Long intergenic noncoding RNAs (lincRNAs) are a relatively new class of non-coding RNAs that have the potential as cancer biomarkers. To seek a panel of lincRNAs as pan-cancer biomarkers, researchers at the University of Hawaii at Manoa have analyzed transcriptomes from over 3300 cancer samples with clinical information. Compared to mRNA, lincRNAs exhibit significantly higher tissue specificities that are then diminished in cancer tissues. Moreover, lincRNA clustering results accurately classify tumor subtypes. Using RNA-Seq data from thousands of paired tumor and adjacent normal samples in The Cancer Genome Atlas (TCGA), the researchers identify six lincRNAs as potential pan-cancer diagnostic biomarkers (PCAN-1 to PCAN-6). These lincRNAs are robustly validated using cancer samples from four independent RNA-Seq data sets, and are verified by qPCR in both primary breast cancers and MCF-7 cell line. Interestingly, the expression levels of these six lincRNAs are also associated with prognosis in various cancers.

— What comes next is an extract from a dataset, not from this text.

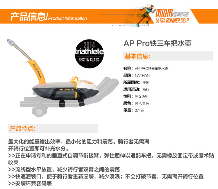 NATHAN内森 户外骑行水壶 AP Pro 铁三车把水壶自行车把水壶

The researchers further experimentally explored the growth and migration dependence of breast and colon cancer cell lines on two of the identified lncRNAs. This study highlights the emerging role of lincRNAs as potentially powerful and biologically functional pan-cancer biomarkers and represents a significant leap forward in understanding the biological and clinical functions of lincRNAs in cancers.
The pan-cancer diagnostic model for the lincRNA panel
(a) The classification of the lincRNA panel was based on a computational RNA-Seq pipeline. The TCGA data were split into 80% training and 20% testing subsets. Five out of the six lincRNAs were selected as predictive features using Correlation Feature Selection (CFS). Pan-cancer diagnostic models were constructed using four standard classification machine learning methods: Random Forest (RF), Linear Support Vector Machines (LSVM), Gaussian Support Vector Machines (GSVM) and Logistic Regression (L2-LR). The best model was chosen based on various metrics of the Receiver operating characteristic (ROC) curves, including Area Under the Curve (AUC), F-score, Matthew’s correlation coefficient (MCC) and Accuracy. (b) The performance of the classifier was analysed with the ROC curves on the TCGA hold-out testing data, based on the four classification methods mentioned above and (c) ROC curves of the top Random Forest model on four independent RNA-Seq validation datasets. (d) AUCs were calculated on the TCGA hold-out testing data in and the four validation datasets.